Опубликовано в журнале День и ночь, номер 3, 2012
Ираклий Шаматава
Каин и Евангелие
«Верою Авель принёс Богу жертву лучшую, нежели Каин; ею получил свидетельство, что он праведен, как засвидетельствовал Бог о дарах его; ею он и по смерти говорит ещё».
К Евреям, гл. 11:4
«Всё соделал Он прекрасным в своё время, и вложил мир в сердце их, хотя человек не может постигнуть дел, которые Бог делает, от начала до конца».
И Адам будто бы познал Еву, жену свою, и зачала Ева, и родила Каина — земледельца, и сказала она: приобрела я человека от Господа.
Прошло время, и «склонный ко злу разум человеческий» принёс от плодов земли дар Господу. На урожай от земли, пропитанной томлением и суетой, не призрел Творец, за что огорчился Каин.

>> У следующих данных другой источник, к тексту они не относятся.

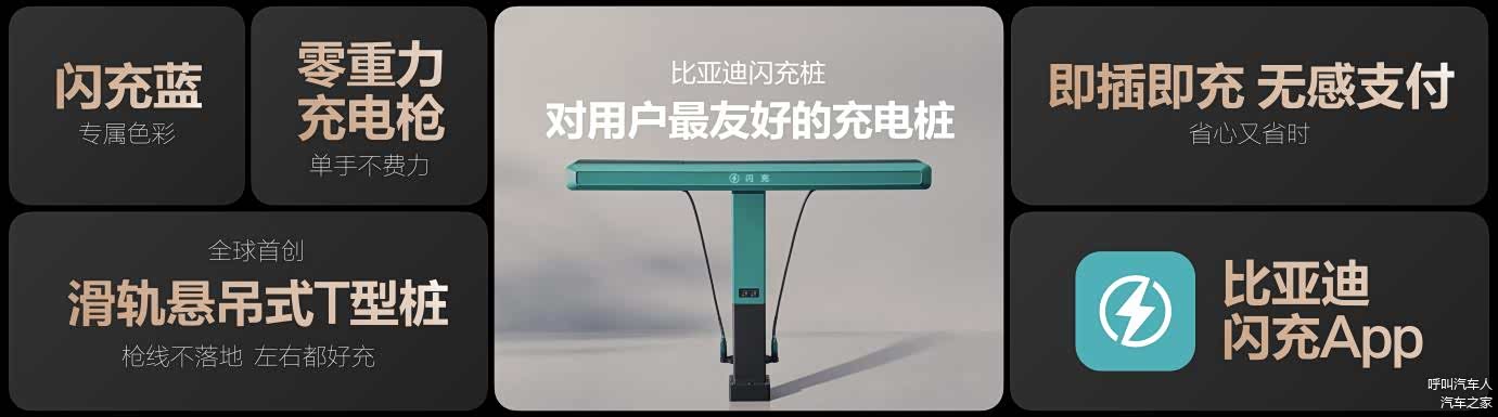 传统公共充电桩枪重、线脏、移动不灵活,充电流程还很繁琐,为了解决这些痛点,比亚迪闪充桩采用了全球首创的“滑轨悬吊式T型桩”设计,让线拉着枪,手感非常轻巧,几乎是“零重力充电枪”;并且,枪线永远保持悬空,避免缠绕更干净;还可以让用户轻松左右滑动,充电更灵活。同时,比亚迪还打通了车和桩之间的所有链路,只需通过比亚迪闪充APP简单设置,即可实现“即插即充,无感支付”,这就是对用户最友好的充电桩。

Он скорбел, что был намного меньше и слабее Сотворившего его; в глубине райского сада находил он запретный плод и в поте лица своего ел его до пресыщения. Вытрясал прах с одежды своей, сам также рождённый из праха.
Он был первоначальной смесью обольщения и любви, поэтому он захотел быть первым во всём.
Боль настигла мать как раз при чтении Библии. В полночь разбудил меня крик моего «сводного брата». Последние три часа в утробе и процесс появления на свет растянулись сверх меры. Преходящее время и страдание, извивающиеся между пальцами доктора, старательно исполняли этюд для клавесина…
«Чинное одеяние сшили из синей, пурпурной и выкрашенной в кошепиль шерстяной ткани», перекинутой через руки моего отца, который бегом нёс страдающую от боли женщину в больницу.
— Так «испытал их Бог, и чтобы они видели, что они сами по себе животные»,— кричала роженица, в чьей изнурённой утробе трясли друг друга её дети.
Врач с удовлетворением всматривался в иссушенные глаза женщины и для ускорения процесса предлагал пациенту родовспомогательные лекарства.
Так искусственно — в тринадцать минут девятого — родился мой брат, которого назвали церковным именем [Лазарь].
«Весь красный он и как будто в шерстяные одежды одет. Мясистые части тела его сплочены между собою твёрдо, не дрогнут. Сердце его твёрдо, как камень, и жёстко, как нижний жёрнов. Железо он считает за солому, медь — за гнилое дерево».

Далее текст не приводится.